■ **DATA LISTING**:
--------

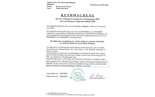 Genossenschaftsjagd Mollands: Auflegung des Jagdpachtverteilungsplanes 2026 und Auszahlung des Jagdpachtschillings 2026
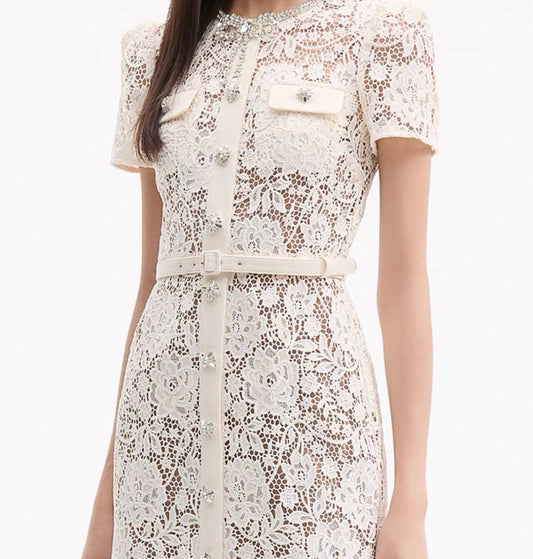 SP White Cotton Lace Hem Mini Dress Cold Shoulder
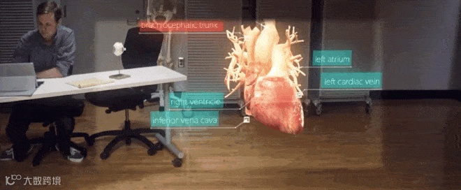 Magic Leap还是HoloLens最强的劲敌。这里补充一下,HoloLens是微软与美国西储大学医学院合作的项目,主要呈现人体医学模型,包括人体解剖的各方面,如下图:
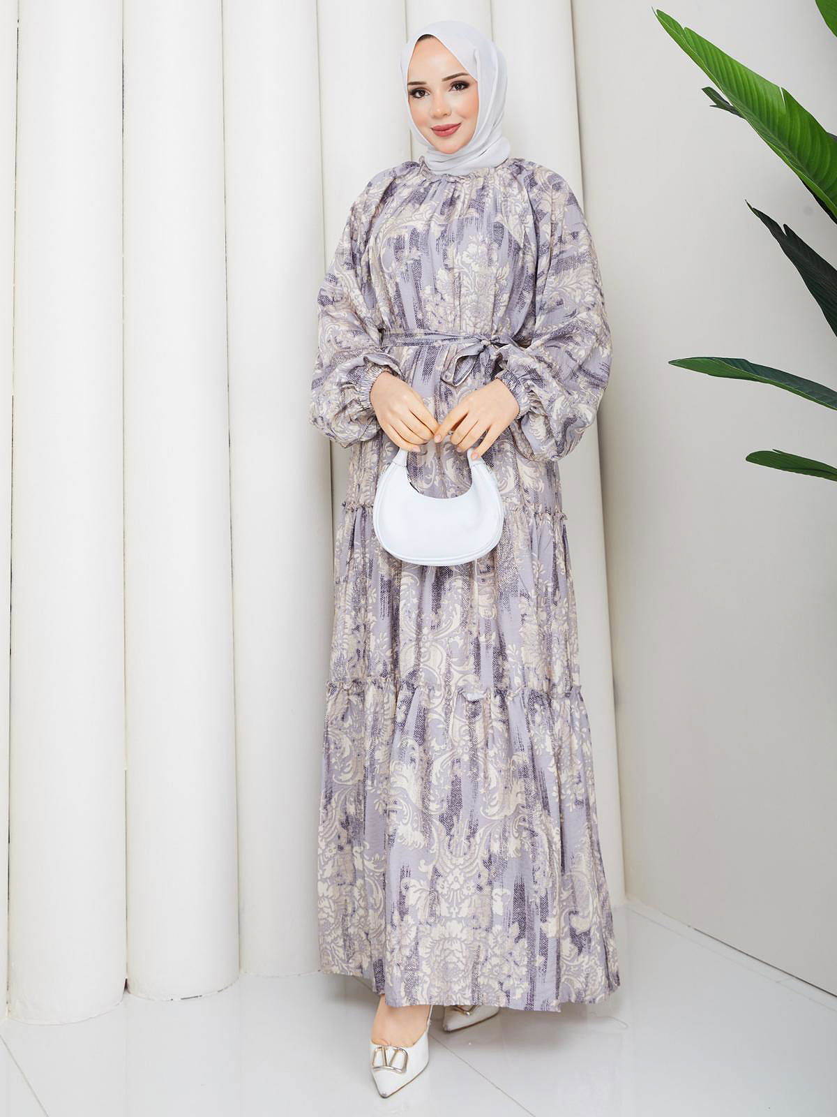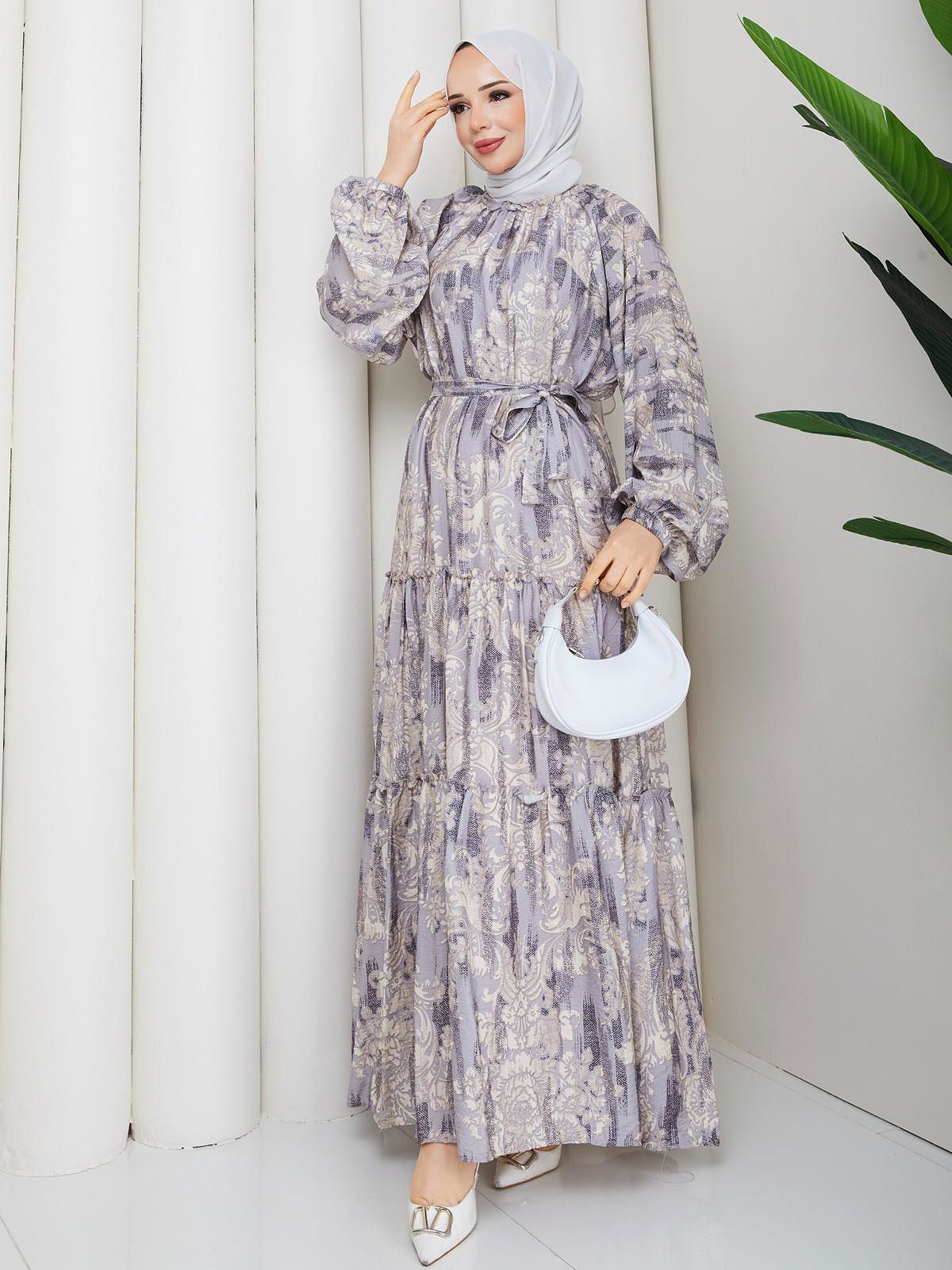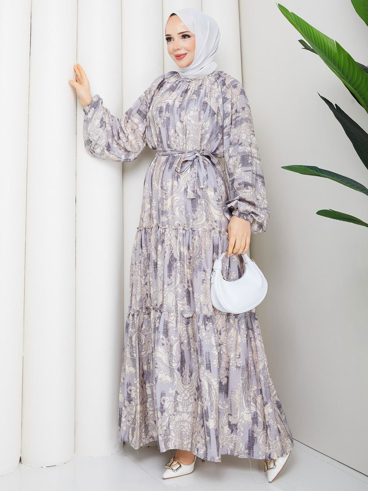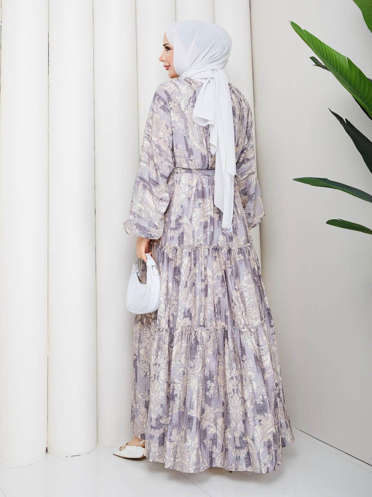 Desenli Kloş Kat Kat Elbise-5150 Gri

--------

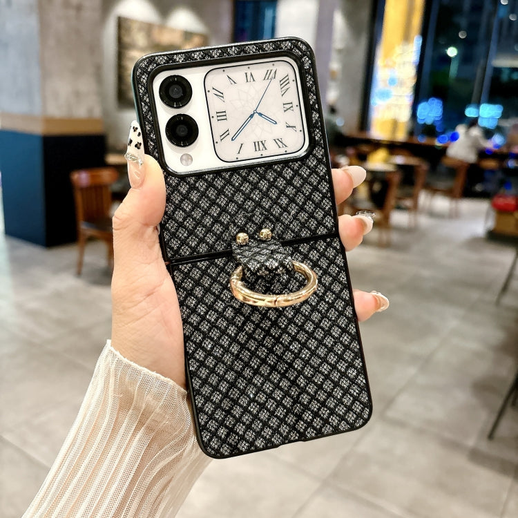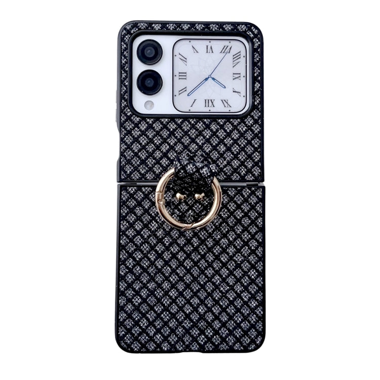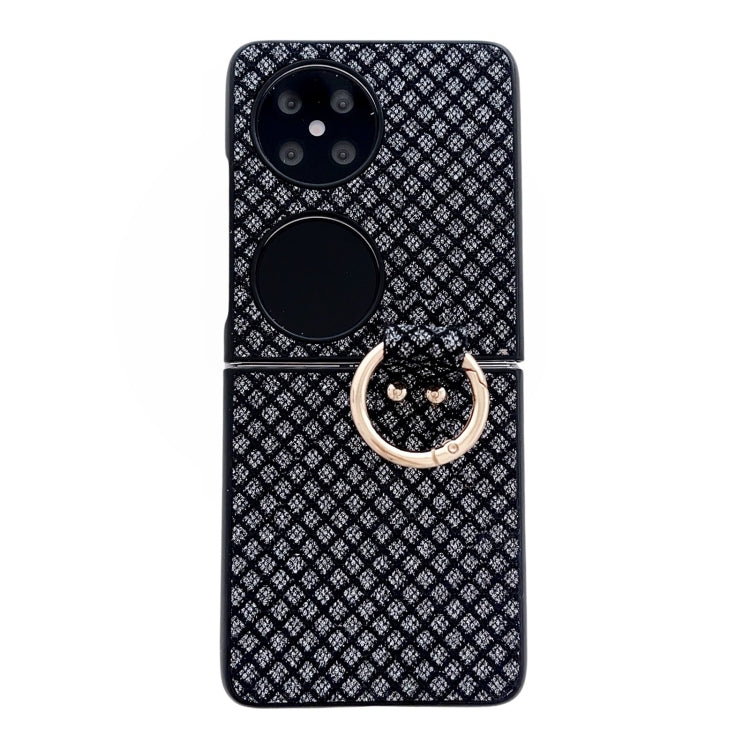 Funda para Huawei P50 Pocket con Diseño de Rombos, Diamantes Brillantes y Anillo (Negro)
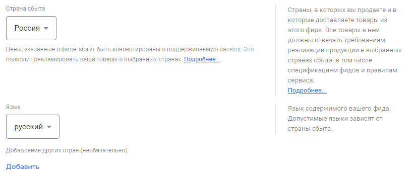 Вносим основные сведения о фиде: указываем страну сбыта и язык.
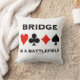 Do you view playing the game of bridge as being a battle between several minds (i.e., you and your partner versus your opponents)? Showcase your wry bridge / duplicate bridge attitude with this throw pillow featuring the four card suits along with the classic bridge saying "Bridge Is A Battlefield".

--------

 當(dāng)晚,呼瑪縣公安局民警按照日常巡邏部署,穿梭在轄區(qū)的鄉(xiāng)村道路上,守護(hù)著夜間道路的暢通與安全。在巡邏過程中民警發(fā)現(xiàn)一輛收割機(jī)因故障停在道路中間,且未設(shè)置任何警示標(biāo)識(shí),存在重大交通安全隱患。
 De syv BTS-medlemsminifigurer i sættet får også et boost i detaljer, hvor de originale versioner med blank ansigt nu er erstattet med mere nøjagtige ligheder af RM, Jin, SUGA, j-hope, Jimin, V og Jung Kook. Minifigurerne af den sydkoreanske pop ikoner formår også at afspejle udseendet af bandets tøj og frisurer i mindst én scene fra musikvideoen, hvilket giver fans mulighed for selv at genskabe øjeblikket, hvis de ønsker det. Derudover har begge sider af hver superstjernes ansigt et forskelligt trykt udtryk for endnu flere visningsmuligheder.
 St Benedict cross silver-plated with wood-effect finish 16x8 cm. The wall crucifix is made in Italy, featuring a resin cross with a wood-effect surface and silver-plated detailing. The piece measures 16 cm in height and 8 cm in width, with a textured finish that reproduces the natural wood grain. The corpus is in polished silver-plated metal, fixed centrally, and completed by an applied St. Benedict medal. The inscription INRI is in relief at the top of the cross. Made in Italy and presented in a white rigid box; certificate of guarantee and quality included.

--------

■ **TASK DESCRIPTION**:
Of the entries above, repeat exactly the lines between the line with "當(dāng)晚,呼瑪縣公安" and the line with "St Benedict cross", inclusive, and no others.

■ **RESPONSE**:
 當(dāng)晚,呼瑪縣公安局民警按照日常巡邏部署,穿梭在轄區(qū)的鄉(xiāng)村道路上,守護(hù)著夜間道路的暢通與安全。在巡邏過程中民警發(fā)現(xiàn)一輛收割機(jī)因故障停在道路中間,且未設(shè)置任何警示標(biāo)識(shí),存在重大交通安全隱患。
 De syv BTS-medlemsminifigurer i sættet får også et boost i detaljer, hvor de originale versioner med blank ansigt nu er erstattet med mere nøjagtige ligheder af RM, Jin, SUGA, j-hope, Jimin, V og Jung Kook. Minifigurerne af den sydkoreanske pop ikoner formår også at afspejle udseendet af bandets tøj og frisurer i mindst én scene fra musikvideoen, hvilket giver fans mulighed for selv at genskabe øjeblikket, hvis de ønsker det. Derudover har begge sider af hver superstjernes ansigt et forskelligt trykt udtryk for endnu flere visningsmuligheder.
 St Benedict cross silver-plated with wood-effect finish 16x8 cm. The wall crucifix is made in Italy, featuring a resin cross with a wood-effect surface and silver-plated detailing. The piece measures 16 cm in height and 8 cm in width, with a textured finish that reproduces the natural wood grain. The corpus is in polished silver-plated metal, fixed centrally, and completed by an applied St. Benedict medal. The inscription INRI is in relief at the top of the cross. Made in Italy and presented in a white rigid box; certificate of guarantee and quality included.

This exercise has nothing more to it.